Witnesses will include:

Thomas E. Perez, Assistant Attorney General for the Civil Rights Division, U.S. Department of Justice
Michael H. Posner, Assistant Secretary for Democracy, Human Rights and Labor, U.S. Department of State
Wade Henderson, President and Chief Executive Officer, Leadership Conference on Civil Rights
Elisa Massimino, President and Chief Executive Officer, Human Rights First

The hearing is open to the public. Please feel free to pass this information along to others who may be interested in attending.



Note: Senator Richard Durbin is the Chairman of the Senate Subcommittee on Human Rights and the Law. The Subcommittee has held hearings on genocide, child soldiers, human trafficking, rape as a weapon of war, crimes against humanity, internet freedom, U.S. enforcement of human rights law, the “material support” bar, the human rights responsibilities of extractive industries, and mental illness in U.S. prisons. Chairman Durbin and Senator Tom Coburn, the Subcommittee’s ranking member, have introduced and secured the enactment of bipartisan legislation that allows the government to prosecute serious human rights violators who have participated in genocide, engaged in human trafficking, or recruited child soldiers anywhere in the world.
 
Where is this gathering at? I'm really losing all my patience and hope. Can derivative asylees go to the meeting too?
 
Those of you living around DC,Virginia or Maryland should go and make our voice heard in this hearing. It is totally unfair and unjust what is being done to us. The spirit of the law is totally misconstrued and we became victims of this misconception.

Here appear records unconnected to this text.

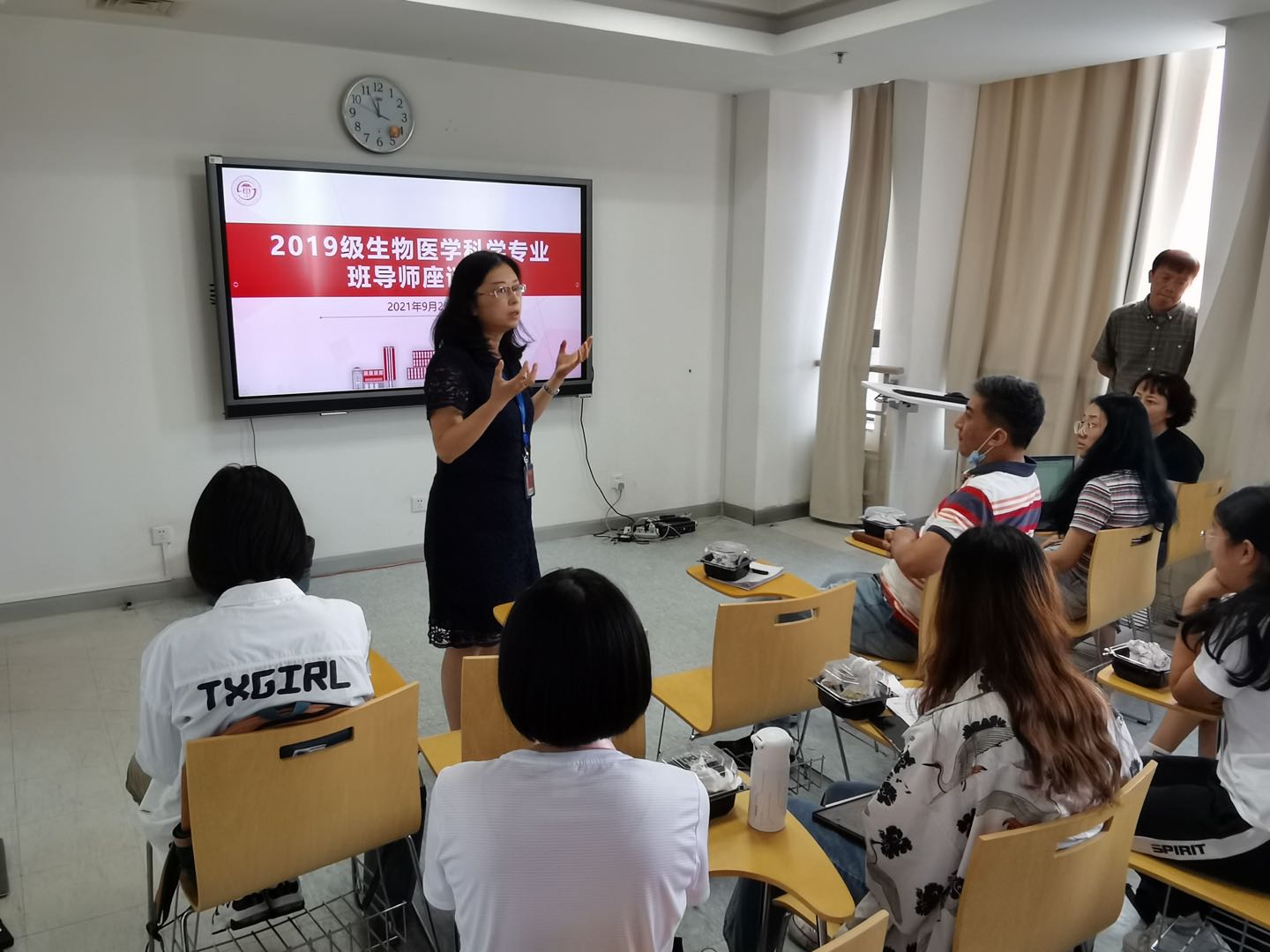为切实发挥班导师思想引领与专业导航作用,9月29日,2019级生物医学科学专业在西二教学楼举办首次班导师座谈会。基础医学院副院长王昊、2019级生医科班导师李兵、基础医学院教学办公室成员及辅导员顾佳静共同参会。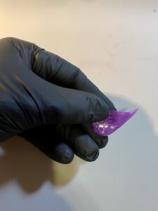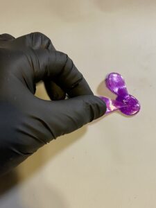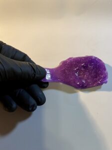 - Heat clear isomalt and add purple airbrush coloring. Start the pulling process. Take your thumb and index finger and gently pull a piece of the isomalt. Then take your scissors and cut at an angle on the pulled section.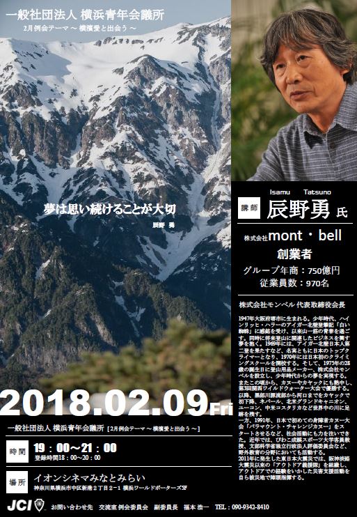「横濱愛」とは、無償の愛情です。親が子にかける見返りを求めない愛です。2月例会では、講師に株式会社モンベル代表取締役会長 辰野勇様をお招きし、辰野様の考える「無償の愛」と草島理事長の考える「横濱愛」を重ね合わせ、我々が追い求める愛の形を感じて頂く例会に致します。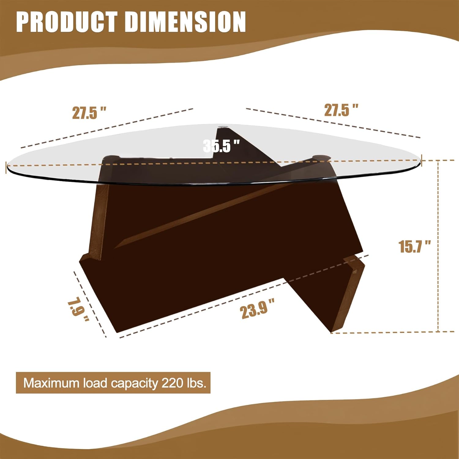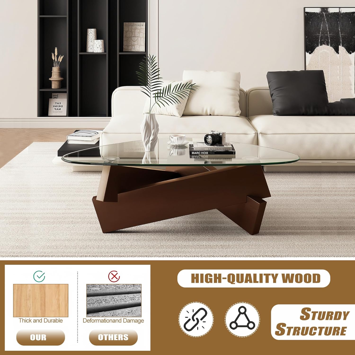 Walnut Triangle Coffee Table 35.5'' x 27.5'' x 15.7'' Modern Mid Century Glass Coffee Table Rustic Brown Solid Wood Center Table Funky Retro Vintage Tea Table for Living Room & Small Space

This is a golden opprtunity to make our voice heard. The DHS secreatary is dragging her feet to apply the waiver authority given to her and she always say we are working on it. It is almost a year since she took the post and she is doing things the way her predecessor used to do it. Where is the change Obama has vowed to bring. How on earth can it take 2 years to implement a guidance? Sometimes it is unbelievable to me to see such a bureaucracy here in the US. They know for sure we have got nothing to do with Terrorism ... ahhh it is sickening ..they didn't even give us the opprtunity to defend ourselves to go to court and prove that we are not what they call us.
 
Where is this gathering at? I'm really losing all my patience and hope. Can derivative asylees go to the meeting too?


The Walker,

I don't think there is a problem if you want to attend the hearing. If you have the chance please go there and get our voice heard. What they are doing is a complete miscarriage of justice. This is not the United States that the founding fathers fought for. This is a country of justice had it not been for some lunatics in DHS who are not willing and able to use the authority given to them by the Congress.
 
Perhaps someone could make an effort to spread the word around in other immigration forums too?

Btw, how do you submit your written testimony?
 
The walker,

I sent my written testimony to the email address posted by asylee_1999.
Please let us exert some effort to get this thing done, things will move at glacial pace if we sit back and wait for others to speak on our behalf. We have to push Senators like, Leahy and Kyl to introduce a new legislation early next year.

I am not comfortable with idea of bringing the issue with the Comprhensive Immigration Reform (which will obviously take long time to be signed in to law), if at all it is going to happen. Our case is far from the CIR.
 
Just submitted my father's written statement. Hope it all works for us.
 
I only live 2 hrs away but I can't be there. I tried to make it but it just didn't work out.
 
Asylee_1999,

Please go there and let us know the outcome.
But this hearing is on human rights issue not on " material support", is it possible to raise our issue in this hearing?
 
So what do we do now? Write letters to Senators? Governors?